Why is disgust sensitivity associated with socially conservative political views? Is it because socially conservative ideologies mitigate the risks of infectious disease, whether by promoting out-group avoidance or by reinforcing norms that sustain antipathogenic practices? Or might it be because socially conservative ideologies promote moral standards that advance a long-term, as opposed to a short-term, sexual strategy? Recent attempts to test these two explanations have yielded differing results and conflicting interpretations. Here, we contribute to the literature by examining the relationship between disgust sensitivity and political orientation, political party affiliation, and an often overlooked outcome-actual voter behavior. We focus on voter behavior and affiliation for the 2016 U.S. presidential election to determine whether pathogen or sexual disgust better predicts socially conservative ideology.

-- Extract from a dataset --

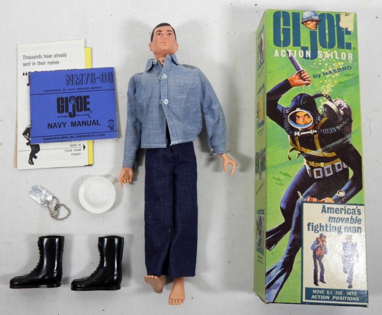 VINTAGE 1964 GI JOE ACTION SAILOR IN ORIGINAL BOX WITH UNIFORM, HAT ,BOOTS, DOG TAGS AND NAVY MANUAL

Although many prominent aspects of Donald Trump's campaign-particularly his anti-foreign message-align with the pathogen-avoidance model of conservatism, we found that pathogen-related disgust sensitivity exerted no influence on political ideology, political party affiliation, or voter behavior, after controlling for sexual disgust sensitivity. In contrast, sexual disgust sensitivity was associated with increased odds of voting for Donald Trump versus each other major presidential candidate, as well as with increased odds of affiliating with the Republican versus the Democratic or Libertarian parties. In fact, for every unit increase in sexual disgust sensitivity, the odds of a participant voting for Trump versus Clinton increased by approximately 30%. It seems, then, that sexual disgust trumps pathogen disgust in predicting socially conservative voting behavior.